Induction Without the Uniformity Principle

Where did we get the idea that every induction includes some uniformity principle as a presumed premise—a premise that things will continue as they have, that the unobserved were, are, or will be like the observed? The idea is not in Socrates, Aristotle, or Cicero; it is not in medieval writings, Arabic or Latin; it is not in the Scholastics or the Renaissance Humanists; it is not in Francis Bacon, Isaac Newton, Thomas Reid, or William Whewell. Yet many of these writers had quite sophisticated theories of induction.

It turns out you don’t need a uniformity principle—or at least not the normal one—in a theory of induction. The idea that you do goes back only to the early 1800s, to a fellow named Richard Whately.

Bust of Aristotle

John P. McCaskey: ‘Aristotle’ Sandra Shaw

Aristotelian induction does not require a uniformity principle

Induction, Aristotle said, is a proceeding from particulars to universal. Until Whately (and his teacher Edward Copleston), there were two ways to think about that.

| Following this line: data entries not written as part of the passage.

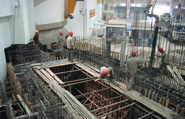 8月3日,在谱仪南大厅进行多功能反射谱仪和小角谱仪的固定混凝土第一次浇筑,这意味着两台谱仪基础建设工程取得了重要进展。
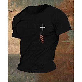 Муж. Американский флаг США христианин Футболка С короткими рукавами Футболка 3D печать Вырез под горло Рубашка Повседневные Армия Для улицы Повседневные Черный Красный Синий Лето Весна Одежда S M L
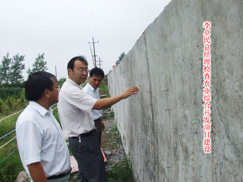上午,李卓民總經(jīng)理一行深入到一場、二場田間地頭,查看棉花、水稻等農(nóng)作物長勢,他一邊走一邊詢問農(nóng)場今年的生產(chǎn)形勢、作物布局、結(jié)構(gòu)調(diào)整等方面的情況,并及時提出指導(dǎo)性意見。在2009年度農(nóng)業(yè)綜合開發(fā)項目施工現(xiàn)場,李卓民總經(jīng)理囑咐大家要把工程質(zhì)量抓好,發(fā)揮工程的最大效益。下午,李卓民總經(jīng)理到二場及四場二級防汛堤段檢查防汛工作,看到職工們在湖堤上查巡堤、進行險段處理,對他們表示親切問候,同時要求他們加強值班巡邏,及時處理險情,以確保大堤安然度汛。他的一言一行使大家深受鼓舞,表示要堅決守護好大堤。
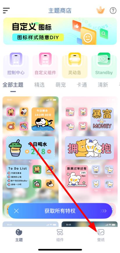 1、打開(kāi)免費(fèi)主題壁紙桌面應(yīng)用進(jìn)入主題商店,點(diǎn)擊底部壁紙選項(xiàng)進(jìn)入壁紙界面。
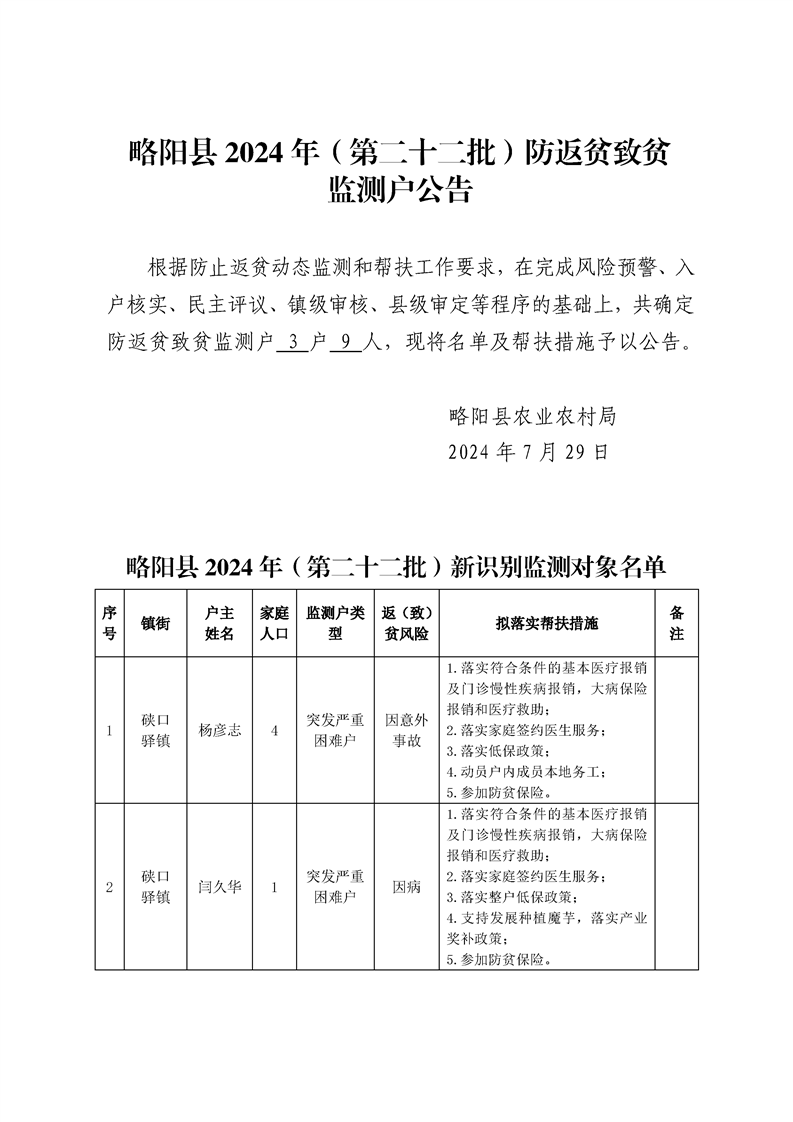 星空体育首页app防返贫致贫监测户公告(第22批)
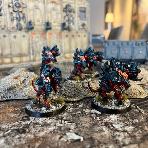 Warhammer Fantasy Chaos khorne demons hær miniatyrfigurer. Samling med flere enheter demoner på kvadratiske baser, alle ferdig montert og står på magnetiserte baser og nokken er påbegynt malt. Inkluderer både infanteri i metall og plast, samnt ein metall bloodthirster, og bloodchrushers. Som egnet til bruk i Whfb 6th, 7th eller 8th ed, eller 9th age men også the old world eller bare som samleobjekter.

The medieval Scholastic way was to think Aristotle meant particular statements and universal statements, like this:

This magnet attracts iron.
That magnet attracts iron.
The other magnet attracts iron.
Therefore, all magnets attract iron.

or, to use another Scholastic example, like this:

This animals moves its lower jaw.
That animal moves its lower jaw.
The other animal moves its lower jaw.
Therefore, all animals move the lower jaw.

The Scholastics lamented (rightly) that unless you had surveyed all magnets or all animals, the inference was not certain. (The crocodile moves its upper jaw.)

The other, and older, way to think about induction—Aristotle’s way, later revived during the Scientific Revolution—was to think not of particular and universal statements but of particular things, kinds of things, and universal properties, especially defining properties. If, say, attracting iron is a defining property of magnets, then by definition all magnets attract iron. In this way of thinking, the hard part is to figure out what properties should qualify as necessary to the class.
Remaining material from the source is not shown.